My understanding of a trunk: multiple VLANs through 1 cable/port...

fe the config on my switch:
interface GigabitEthernet0/27
description Proxmox
switchport access vlan 777
switchport trunk encapsulation dot1q
switchport mode trunk
switchport nonegotiate
speed 1000
duplex full
spanning-tree portfast
spanning-tree bpduguard enable


And for proxmox:
root@proxmoxus:~# cat /etc/network/interfaces
auto lo
iface lo inet loopback

iface ens1f0 inet manual

iface ens1f1 inet manual

auto bond0
iface bond0 inet manual
slaves ens1f0
bond_miimon 100
bond_mode 802.3ad

auto bond0.666
iface bond0.666 inet manual
vlan-raw-device bond0

auto bond0.777
iface bond0.777 inet manual
vlan-raw-device bond0

auto bond0.888
iface bond0.888 inet manual
vlan-raw-device bond0

auto bond0.999
iface bond0.999 inet manual
vlan-raw-device bond0

auto vmbr666
iface vmbr666 inet manual
bridge_ports bond0.666
bridge_stp off
bridge_fd 0

auto vmbr777
iface vmbr777 inet static
address  192.168.222.253
netmask  255.255.255.0
gateway  192.168.222.254
bridge_ports bond0.777
bridge_stp off
bridge_fd 0

auto vmbr888
iface vmbr888 inet manual
bridge_ports bond0.888
bridge_stp off
bridge_fd 0

auto vmbr999
iface vmbr999 inet manual
bridge_ports bond0.999
bridge_stp off
bridge_fd 0




Quote from: faunsen on May 19, 2017, 05:19:49 PM
One important thing:
When the problem occurs again, before you reboot the OPNsense VM please do a
netstat -m
netstat -s
sysctl dev.em
And can you check the errors from a ifconfig on the Proxmox host?
For the moment, no more crashes, but I've written it down, so once I see it again, I'll check it.
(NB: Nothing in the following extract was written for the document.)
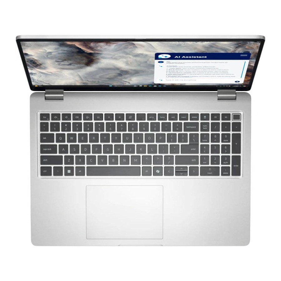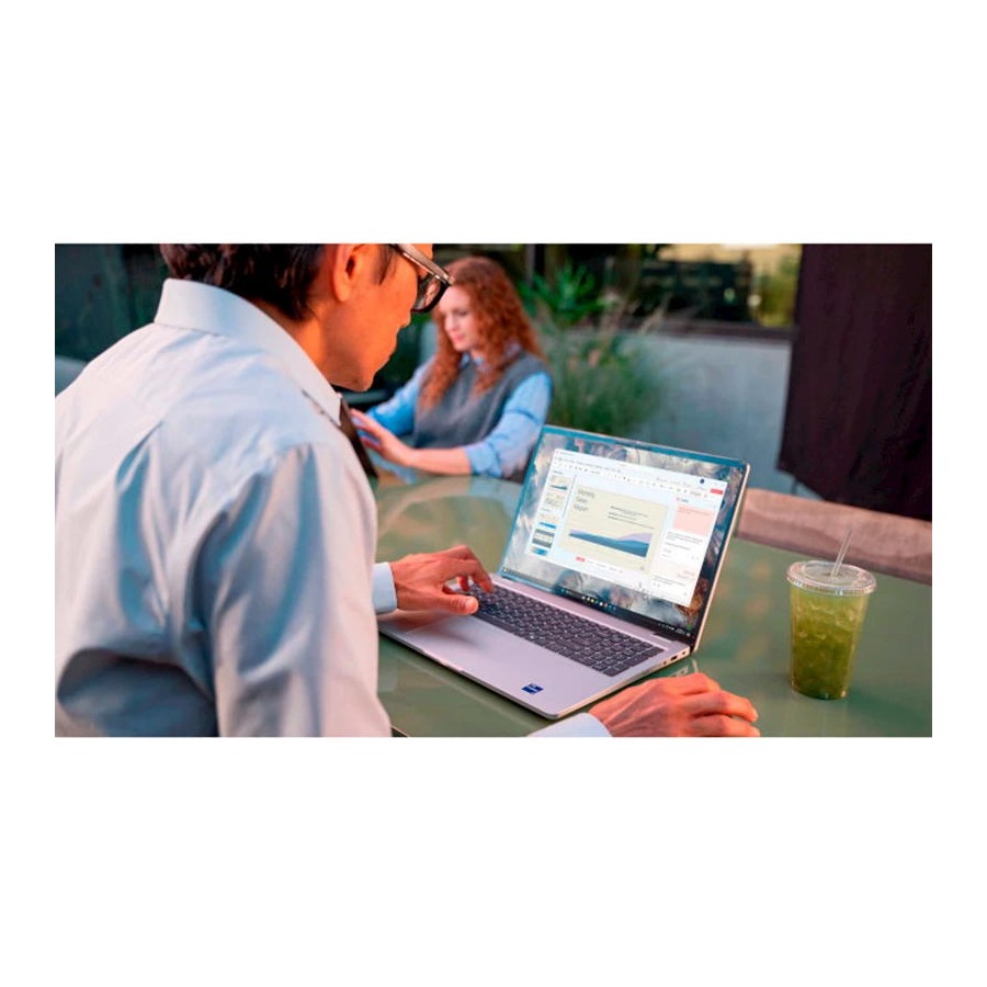 Матовий дисплей FHD+ з яскравістю 300 ніт зменшує відблиски під час тривалої роботи. Камера з HDR, ІЧ-модулем і функцією розпізнавання обличчя підвищує рівень безпеки та комфорту відеозв’язку. Сканер відбитків пальців інтегровано для швидкої автентифікації. Підсвічувана клавіатура з українською розкладкою та цифровим блоком зручна для роботи з числами. Наявність клавіші Copilot спрощує доступ до AI-інструментів Windows. Сучасні розніми Thunderbolt 4 забезпечують швидке передавання даних і під’єднання дисплеїв. Акумулятор на 55 Вт·год із технологією ExpressCharge скорочує час підзаряджання. Корпус Platinum Silver поєднує міцність і діловий стиль.

Quote from: faunsen on May 19, 2017, 05:19:49 PM
Is the backup traffic going through the DMZ interface?
For me it does, not sure how proxmox handles traffic, but the backupserver and others are on the same vlan, with the same gateway. But since they're all on the same KVM, I guess it all passes the network interface?


ps @abel408, sorry to post this in your topic. I thought we were having the same issue. If any moderators reads, you can split it if wanted.